School of Clinical Sciences at Monash Health, Monash University, Clayton, VIC, Australia.
Department of Anaesthesia and Perioperative Medicine, Monash Health, Clayton, VIC, Australia.
Can J Anaesth. 2019 Feb;66(2):193-200. doi: 10.1007/s12630-018-1251-7. Epub 2018 Nov 14.
Competency-based anesthesia training programs require robust assessment of trainee performance and commonly combine different types of workplace-based assessment (WBA) covering multiple facets of practice. This study measured the reliability of WBAs in a large existing database and explored how they could be combined to optimize reliability for assessment decisions.
We used generalizability theory to measure the composite reliability of four different types of WBAs used by the Australian and New Zealand College of Anaesthetists: mini-Clinical Evaluation Exercise (mini-CEX), direct observation of procedural skills (DOPS), case-based discussion (CbD), and multi-source feedback (MSF). We then modified the number and weighting of WBA combinations to optimize reliability with fewer assessments.
We analyzed 67,405 assessments from 1,837 trainees and 4,145 assessors. We assumed acceptable reliability for interim (intermediate stakes) and final (high stakes) decisions of 0.7 and 0.8, respectively. Depending on the combination of WBA types, 12 assessments allowed the 0.7 threshold to be reached where one assessment of any type has the same weighting, while 20 were required for reliability to reach 0.8. If the weighting of the assessments is optimized, acceptable reliability for interim and final decisions is possible with nine (e.g., two DOPS, three CbD, two mini-CEX, two MSF) and 15 (e.g., two DOPS, eight CbD, three mini-CEX, two MSF) assessments respectively.
Reliability is an important factor to consider when designing assessments, and measuring composite reliability can allow the selection of a WBA portfolio with adequate reliability to provide evidence for defensible decisions on trainee progression.
基于能力的麻醉培训计划需要对学员的表现进行全面评估,通常会结合多种不同类型的基于工作场所的评估(WBA),涵盖实践的多个方面。本研究使用概化理论测量了澳大利亚和新西兰麻醉学院(Australian and New Zealand College of Anaesthetists)使用的四种不同类型的 WBA 的综合可靠性,并探讨了如何将它们结合起来,以优化评估决策的可靠性。

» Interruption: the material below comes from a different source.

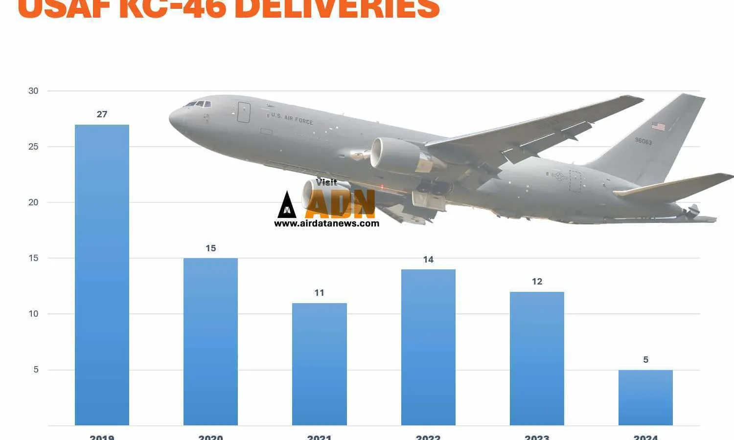 The budget for fiscal year 2024 (between October 2023 and September 2024) foresees the delivery of 15 jets, but so far ten aircraft have been sent.

我们使用概化理论来衡量澳大利亚和新西兰麻醉学院使用的四种不同类型的 WBA 的综合可靠性:迷你临床评估练习(mini-CEX)、程序性技能的直接观察(DOPS)、基于案例的讨论(CbD)和多源反馈(MSF)。然后,我们修改了 WBA 组合的数量和权重,以通过减少评估次数来优化可靠性。
我们分析了 1837 名学员和 4145 名评估者的 67405 次评估。我们假设中期(中间风险)和最终(高风险)决策的可接受可靠性分别为 0.7 和 0.8。根据 WBA 类型的组合,12 次评估可以达到 0.7 的阈值,其中任何类型的一次评估具有相同的权重,而 20 次评估则需要达到 0.8 的可靠性。如果优化评估的权重,那么可以通过 9 次(例如,2 次 DOPS、3 次 CbD、2 次 mini-CEX、2 次 MSF)和 15 次(例如,2 次 DOPS、8 次 CbD、3 次 mini-CEX、2 次 MSF)评估来实现中期和最终决策的可接受可靠性。
在设计评估时,可靠性是一个重要的考虑因素,测量综合可靠性可以使评估组合的选择具有足够的可靠性,为学员进展的可辩护决策提供证据。